### What is required
Begin with the line that holds "Includes: one 2904-20" and retype through the last line of the listing below, exactly; pictures are not part of the copy.

### Data section

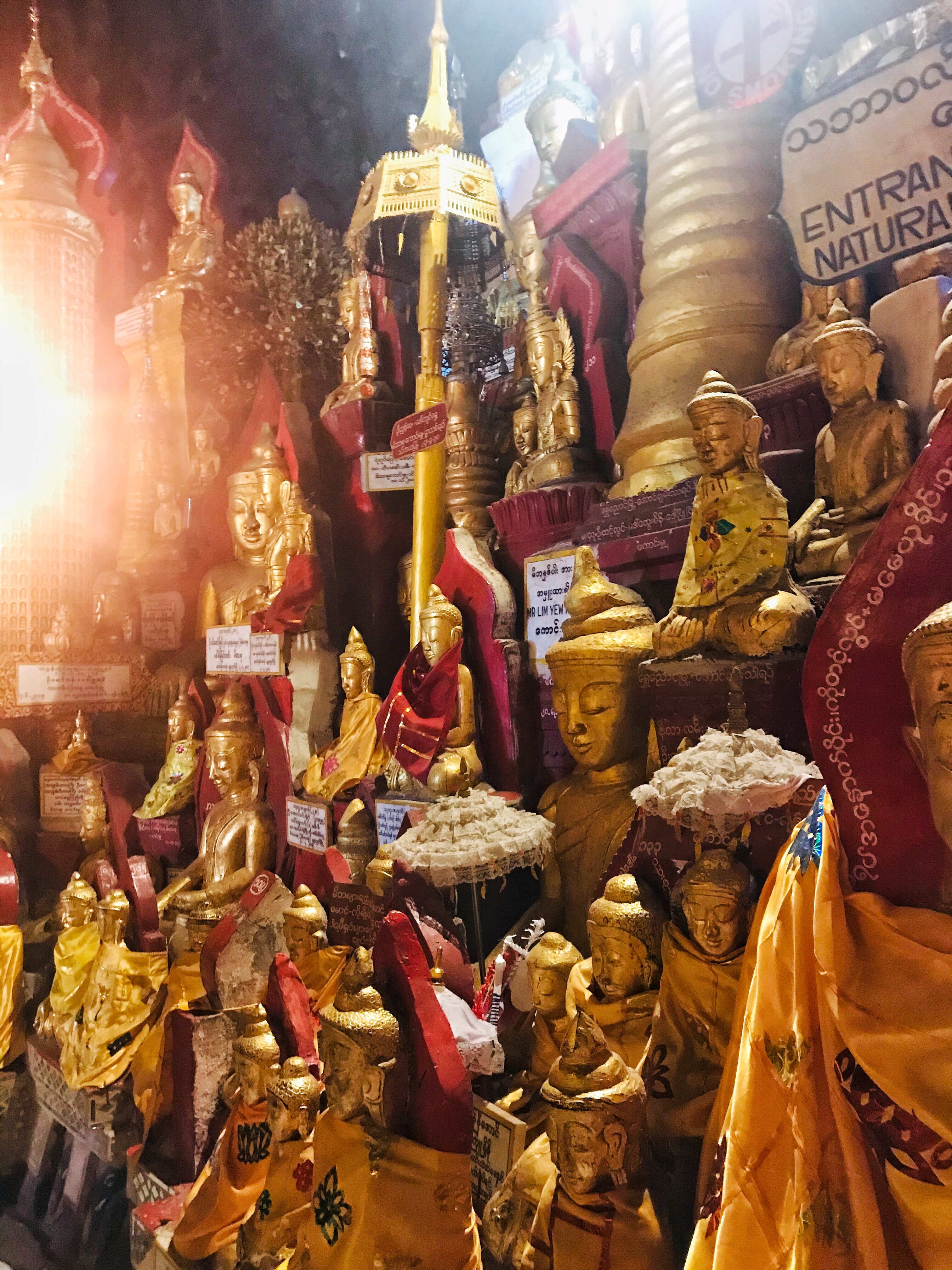 Ancora un giorno a Inle lake così decidiamo di andare in due posti un po’ particolari. Di buon mattino il nostro driver, con una giacca in pelle marrone e il suo elegantissimo longyi nero, viene a prenderci e percorrendo circa due ore di strada dissestata tra i villaggi arriviamo a Pindaya: una caverna con all’interno migliaia di statue di Buddha antiche secoli e altre donate da tutto il mondo (ultimo censimento contava 8000 statue).
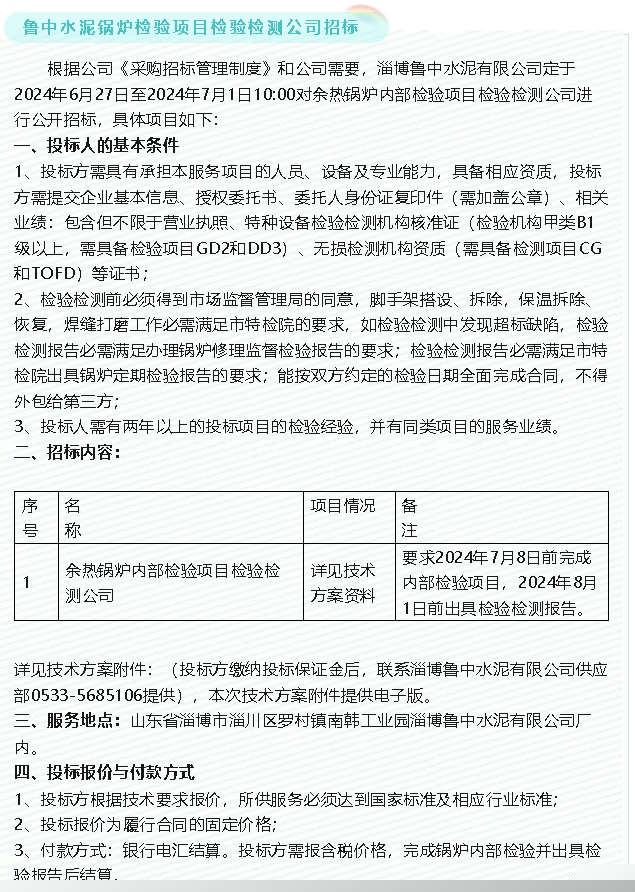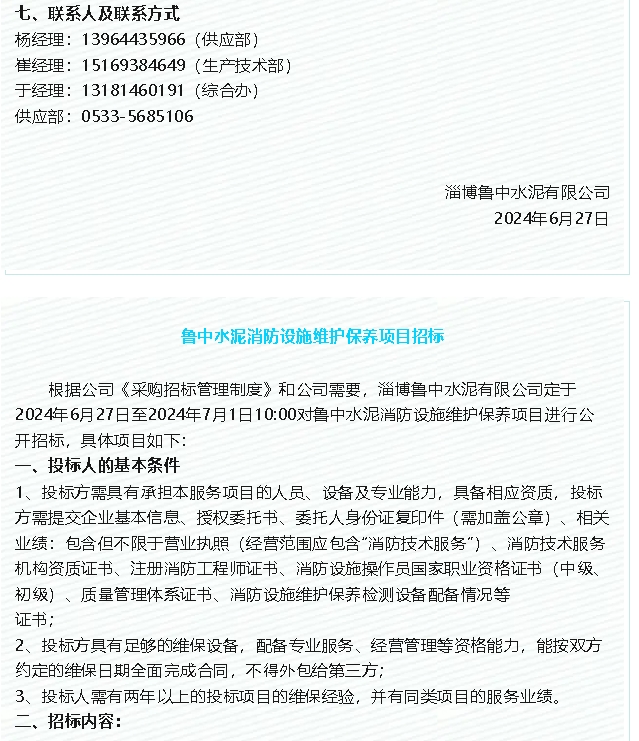 【招標(biāo)公告】魯中水泥、魯蒙水泥
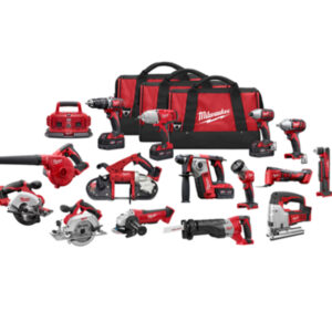 Includes: one 2904-20 Hammer Drill/Driver, one 2953-20 Impact Driver, one 2821-20 SAWZALL Reciprocating Saw, one 2730-20 6-1/2 in. Circular Saw, one 2880-20 M18 Fuel 4-1/2 in Grinder w/Paddle switch, one 2962-20 M18 Fuel 1/2″ Mid Torque Impact Wrench w/Friction Ring, one 2735-20 LED work light, two 48-11-1850batteries, one 48-59-1812battery charger, 2 contractor bags
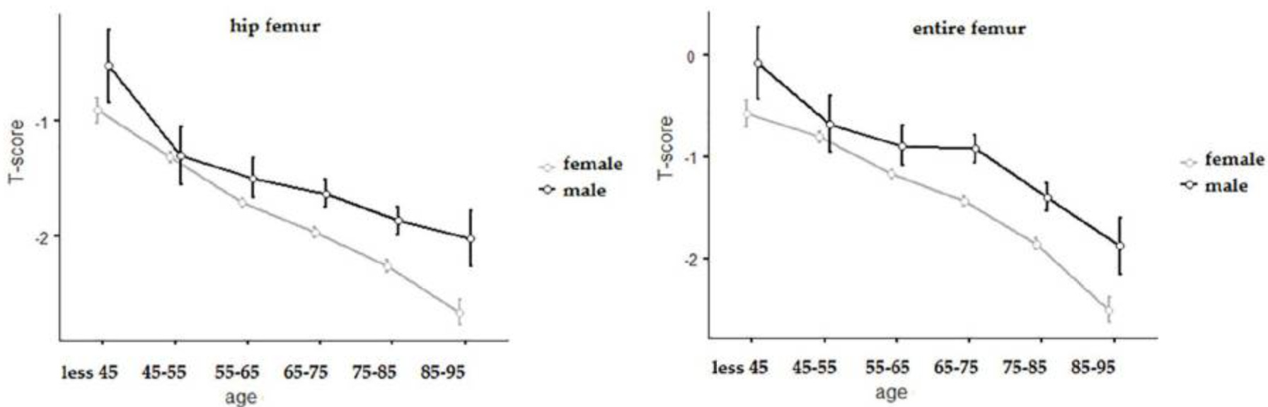 Hence, many people due to the normal process of aging will have osteopenia or osteoporosis. Consider for example what this study concluded was of the average T-score by age of Italians.

######

### Task result
 Includes: one 2904-20 Hammer Drill/Driver, one 2953-20 Impact Driver, one 2821-20 SAWZALL Reciprocating Saw, one 2730-20 6-1/2 in. Circular Saw, one 2880-20 M18 Fuel 4-1/2 in Grinder w/Paddle switch, one 2962-20 M18 Fuel 1/2″ Mid Torque Impact Wrench w/Friction Ring, one 2735-20 LED work light, two 48-11-1850batteries, one 48-59-1812battery charger, 2 contractor bags
 Hence, many people due to the normal process of aging will have osteopenia or osteoporosis. Consider for example what this study concluded was of the average T-score by age of Italians.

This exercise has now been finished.